GOAL OF THE EXERCISE.
With the pictures left out, reproduce exactly the lines from the one containing "A sturdy lifetime" through the final line of the entries.

LISTED ENTRIES.
========

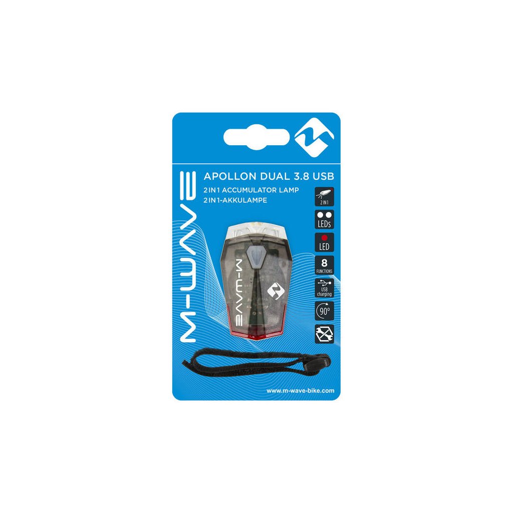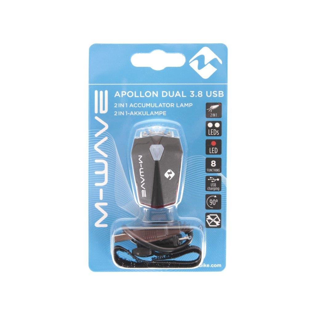 osvetlenie predné M-WAVE Apollon Dual 3.8 USB accu predné aj zadné v 1
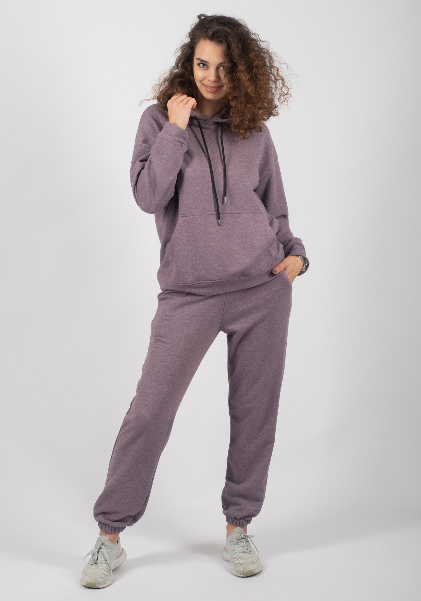 Стильный женский спортивный костюм выполнен из футера 3-ух нитки без начеса. В комплекте: худи и джоггеры из мягкого хлопка. На поясе брюк удобная и широкая резинка под шнуровку, что позволяет дополнительно регулировать изделие по объему, два боковых кармана. Худи свободного кроя, с удобным карманом «кенгуру». Модель без застёжки. Капюшон худи регулируется шнуром, несъемный. Эта универсальная модель подходит для повседневной носки, школы и спорта, на физкультуру, для активного отдыха, горнолыжного спорта, рыбалки, охоты и прогулок, туристических походов осенью, весной, зимой и холодными летними вечерами. Эффект оверсайз (OVERSIZE) достигается при выборе модели на размер больше. Трендовый дизайн делает наш костюм стильной частью повседневного женского гардероба! Наш актуальный костюм будет прекрасным подарком на новый год, к 8 марта, день святого Валентина, на день рождение, на день матери. Сделано в России с любовью к Вам! Гладить с изнанки. Стирка при t не более 30С. Деликатный отжим, отбеливание запрещено.
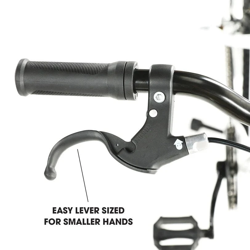 A sturdy lifetime warranty frame, single-speed, 20″ white bike that’s simple to ride. Designed for 6 to 8 year old children, it can be ridden around town as well as on trails.
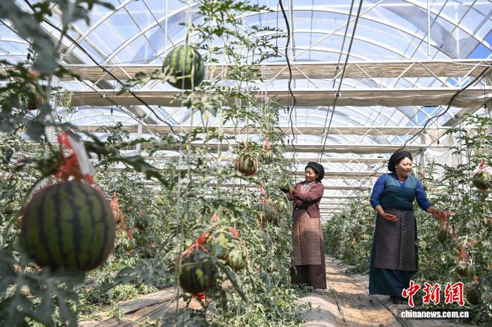 圖為當(dāng)?shù)毓と嗽谀窆たh現(xiàn)代化農(nóng)業(yè)示范園里工作。中新社記者 貢嘎來(lái)松 攝
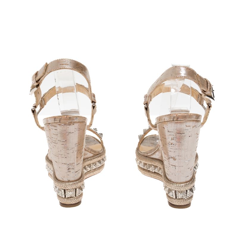 Anabela Christian Louboutin Couro Dourado e Spikes

========

ANSWER AREA.
 A sturdy lifetime warranty frame, single-speed, 20″ white bike that’s simple to ride. Designed for 6 to 8 year old children, it can be ridden around town as well as on trails.
 圖為當(dāng)?shù)毓と嗽谀窆たh現(xiàn)代化農(nóng)業(yè)示范園里工作。中新社記者 貢嘎來(lái)松 攝
 Anabela Christian Louboutin Couro Dourado e Spikes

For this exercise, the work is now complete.